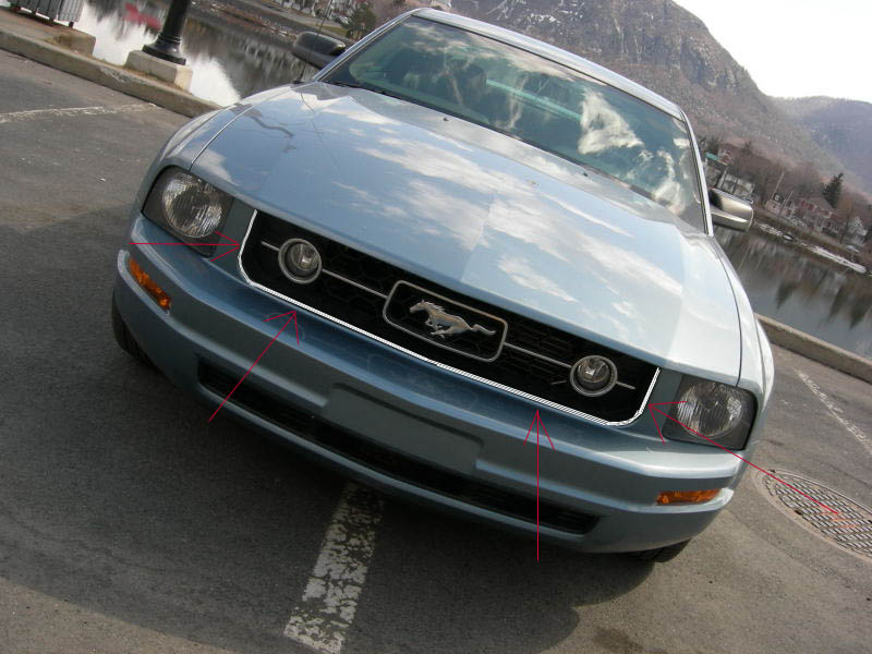 I ordered chrome bezels for the third brake light and the taillights. I was thinking I could do something for the front as well. Here is a modified photo of what I was thinking. It is reminiscent of the 1964/1965 Mustang. I haven't seen it done for 2005/2006 Mustangs so far (I don't know of any trim/accents distributors that have this). I will check out my local store for any chrome tape/stick on that I could use to make the effect more realistic, see what it looks like. I was thinking of taping it on the black plastic edge of the grille. It would be a U-shapes so I get one continuous piece.
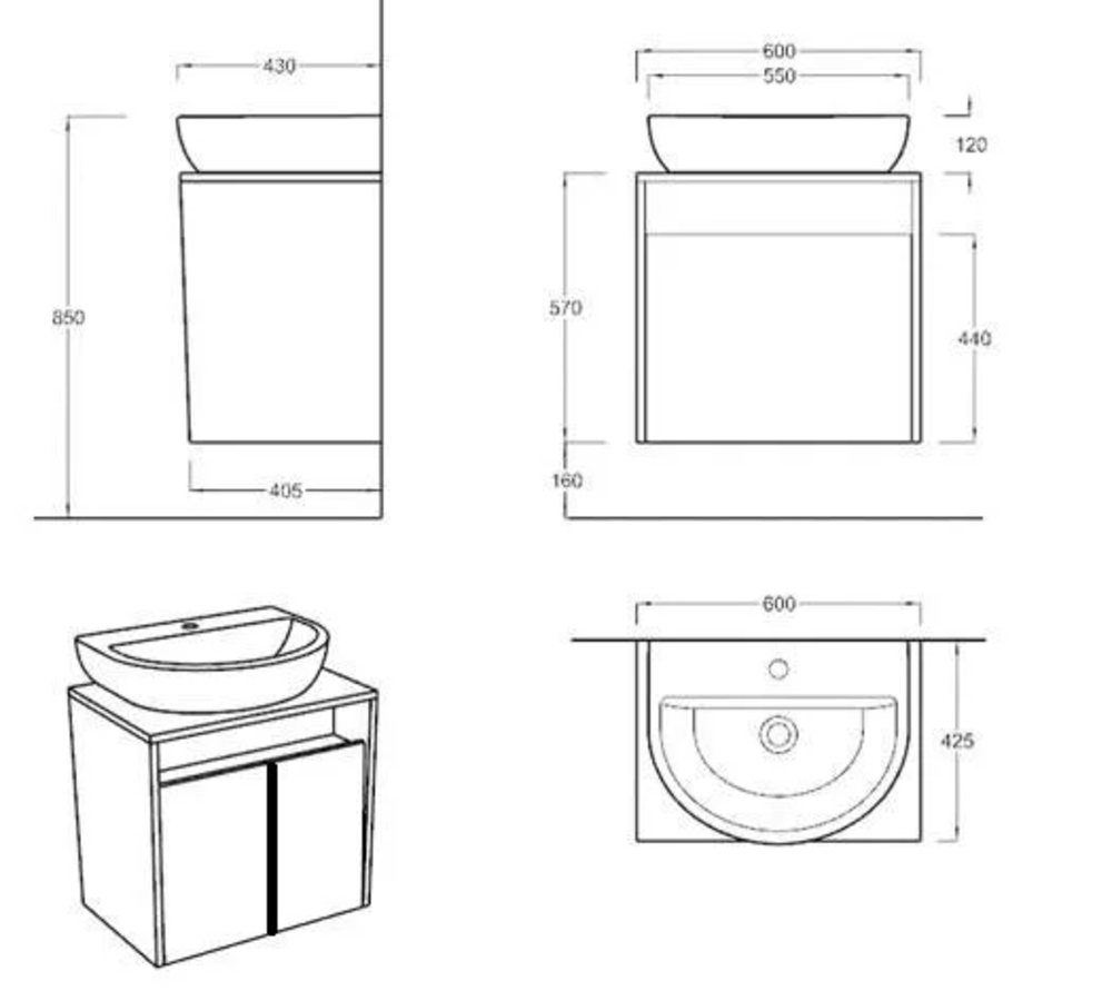 Корпус и столешница выполнены в цвете «дуб Орегон». Оригинальная форма тумбы: корпус немного расширяется от низа к верхней части. Распашной фасад с двумя дверцами, окрашенными в белый глянцевый, над ними — открытая полка. Подходит для подвесных раковин BUONGIORNO 55 см и PLAZA 55 см.
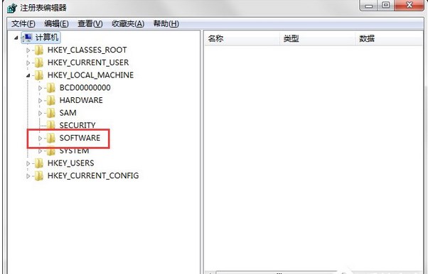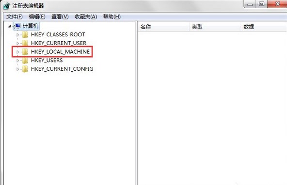 3、进入注册表,找到“HKEY_LOCAL_MACHINE”,请依据下图指示,点击红色框内,箭头所示的文件夹前的三角按钮;
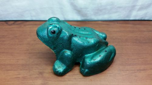 Vintage 1950's Green Bull Frog Cast Iron Door Stop Original Paint
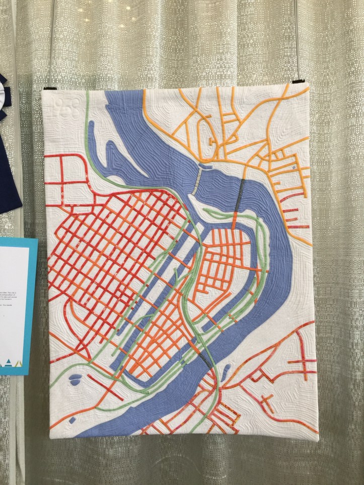 This quilt, “Holyoke 1938” by Timna Tarr (@timnatarr) represents an early map of one of America’s first planned cities. I found it really pretty, and obviously complex to make. The won a ribbon in the Small Quilts category, but I don’t remember which place.
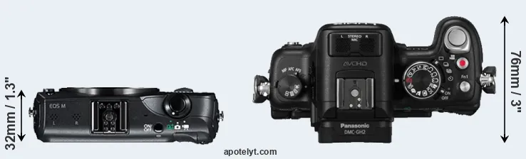 The side-by-side display below illustrates the physical size and weight of the Canon M and the Panasonic GH2. The two cameras are presented according to their relative size. Three consecutive views from the front, the top, and the rear side are shown. All width, height and depth dimensions are rounded to the nearest millimeter.
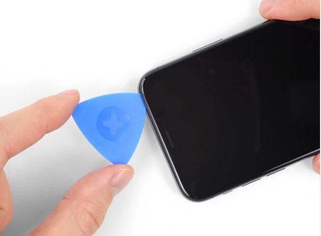 将三角撬片重新插入 iPhone 的底部边缘,然后向右滑动以继续分离粘合剂。
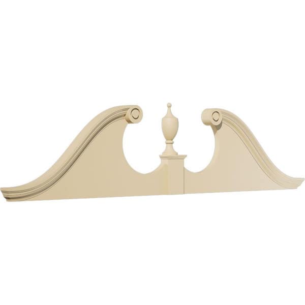 84 in. W x 21 in. H x 2-3/4 in. P Rams Head Signature Urethane Pediment (Urn Ships Unattached in Box), Primed Tan
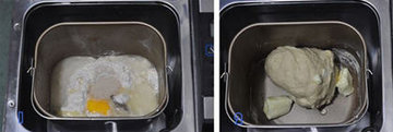 2、 加入室温软化黄油25克,再次开启面包机“和面”功能,运行两次15分钟,直至面团成光滑状,可拉出透明薄膜。
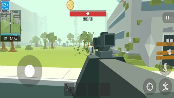 2.第一人称射击视角:进入战斗状态后切换为FPS模式,拿起像素武器瞄准射击,全靠技术与反应,刺激又爽快超解压。
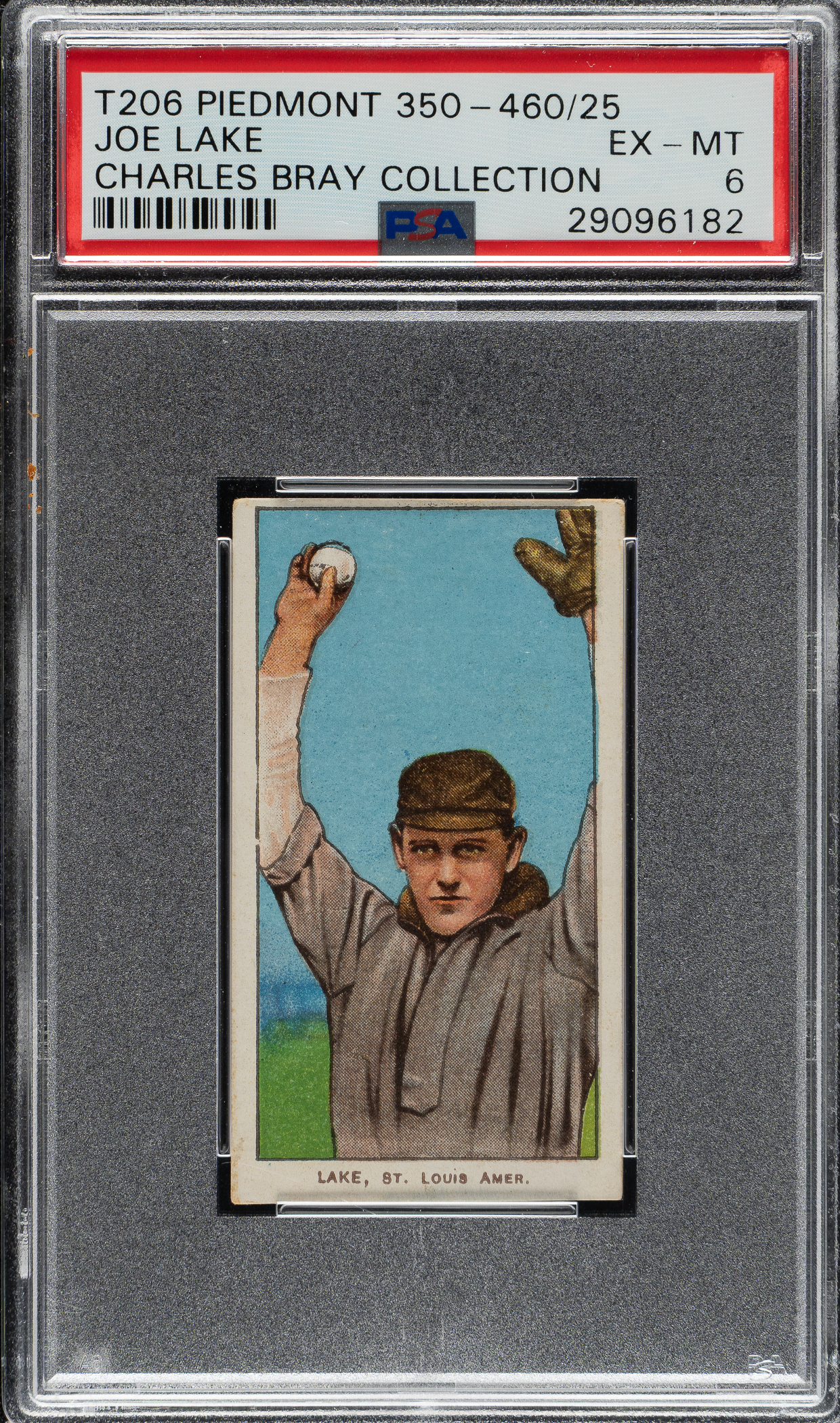 Lot # 680: 1909-1911 T206 White Border Joe Lake St. Louis Ball in Hand PSA EX-MT 6
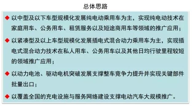 在應(yīng)用領(lǐng)域上,中型及以下車型規(guī)?;l(fā)展純電動乘用車為主,實(shí)現(xiàn)純電動技術(shù)在家庭用車、公務(wù)用車、租賃服務(wù)以及短途商用車等領(lǐng)域的推廣應(yīng)用;以緊湊型及以上車型規(guī)?;l(fā)展插電式混合動力乘用車為主,實(shí)現(xiàn)插電式混合動力技術(shù)在私人用車、公務(wù)用車以及其他日均行駛里程較短的領(lǐng)域推廣應(yīng)用,以動力電池、驅(qū)動電機(jī)突破發(fā)展支撐整車競爭力提升并實(shí)現(xiàn)關(guān)鍵部件批量出口,以覆蓋全國的充電設(shè)施與服務(wù)網(wǎng)絡(luò)建設(shè)支撐電動汽車大規(guī)模推廣。
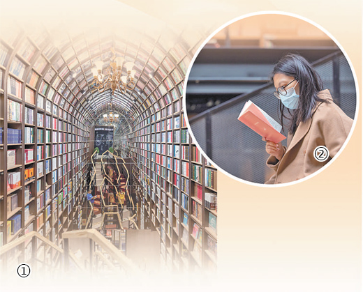 圖②:北京紅樓公共藏書(shū)樓內(nèi),讀者在專心讀書(shū)。
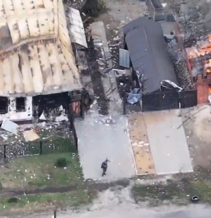 Ein russischer Soldat, der versucht, eine Drohne abzuschießen, trifft stattdessen seinen Kameraden, der daraufhin ebenfalls die Drohne nimmt. März 2026.
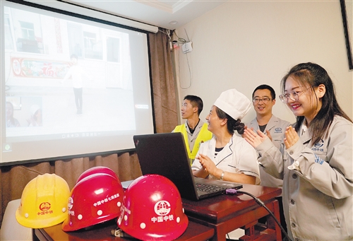 10月4日,正在建設(shè)中的北京地鐵19號線牡丹園車站,中鐵七局職工通過視頻投影設(shè)備和親人連線交流。國慶假期,許多建設(shè)者堅守崗位無法與家人團聚,項目部為他們開通親情連線,利用微信、在線視頻等多種通訊工具讓他們和遠(yuǎn)在外地的親人視頻通話。經(jīng)濟日報記者 趙 晶攝
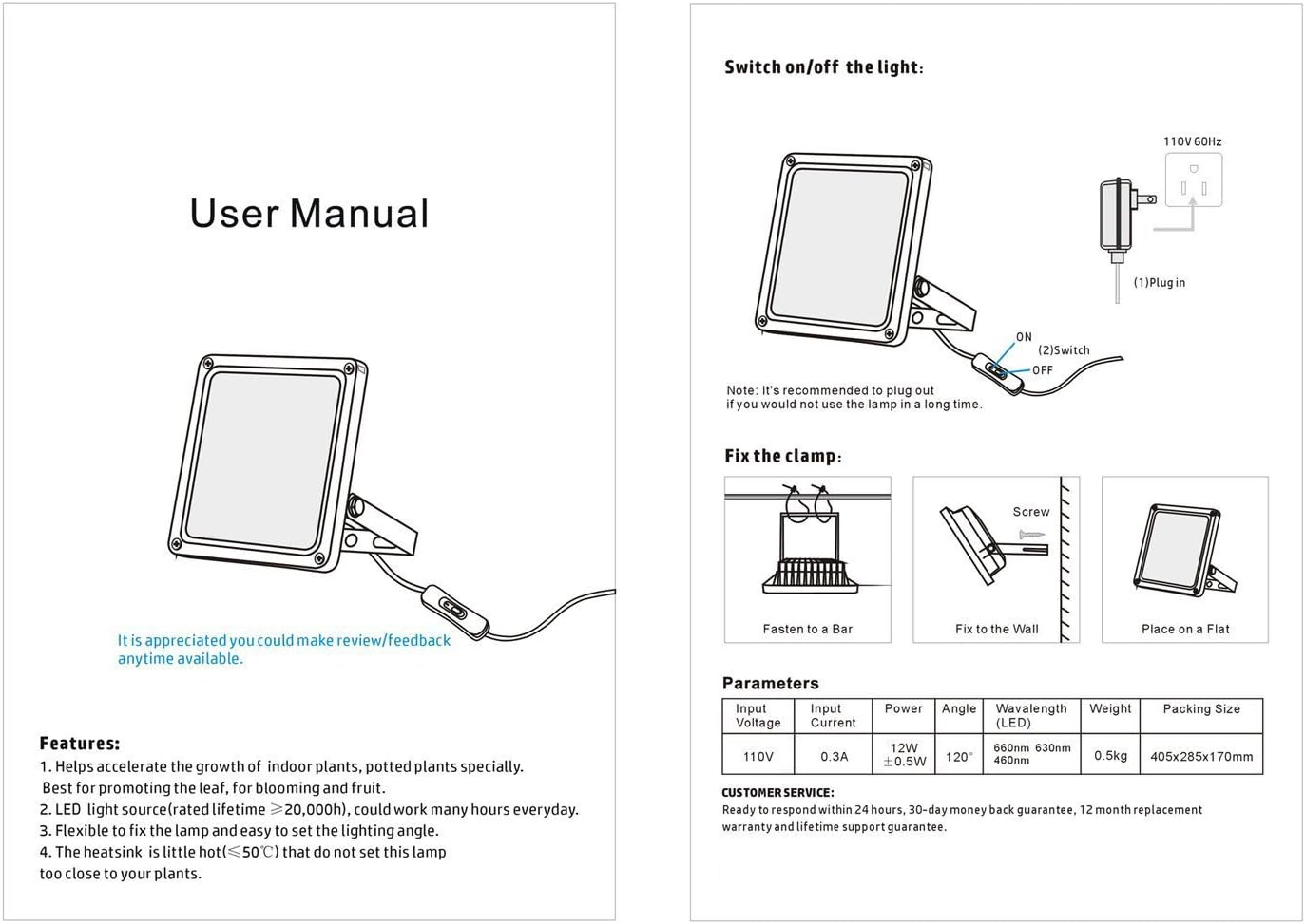 • FULL SPECTRUM LED GROW LIGHTS--Red 630nm and 660nm, Blue:460nm and White light 2700K. - Suitable for all stages of growth,Specially suitable for seedlings' growth.
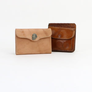BrownBrownのスタッフが2年使っていた財布です。ベージュカラーは革色の変化が一番楽しめる色です。

### Task description
In the listing above, find the line with "2.第一人称射击视角:进入战" and the line with "圖②:北京紅樓公共藏書(shū)樓內(nèi),讀者在專心讀書(shū)。". Set down both and every line between them, minus the pictures.

### Answer to this task
 2.第一人称射击视角:进入战斗状态后切换为FPS模式,拿起像素武器瞄准射击,全靠技术与反应,刺激又爽快超解压。
 Lot # 680: 1909-1911 T206 White Border Joe Lake St. Louis Ball in Hand PSA EX-MT 6
 在應(yīng)用領(lǐng)域上,中型及以下車型規(guī)?;l(fā)展純電動乘用車為主,實(shí)現(xiàn)純電動技術(shù)在家庭用車、公務(wù)用車、租賃服務(wù)以及短途商用車等領(lǐng)域的推廣應(yīng)用;以緊湊型及以上車型規(guī)?;l(fā)展插電式混合動力乘用車為主,實(shí)現(xiàn)插電式混合動力技術(shù)在私人用車、公務(wù)用車以及其他日均行駛里程較短的領(lǐng)域推廣應(yīng)用,以動力電池、驅(qū)動電機(jī)突破發(fā)展支撐整車競爭力提升并實(shí)現(xiàn)關(guān)鍵部件批量出口,以覆蓋全國的充電設(shè)施與服務(wù)網(wǎng)絡(luò)建設(shè)支撐電動汽車大規(guī)模推廣。
 圖②:北京紅樓公共藏書(shū)樓內(nèi),讀者在專心讀書(shū)。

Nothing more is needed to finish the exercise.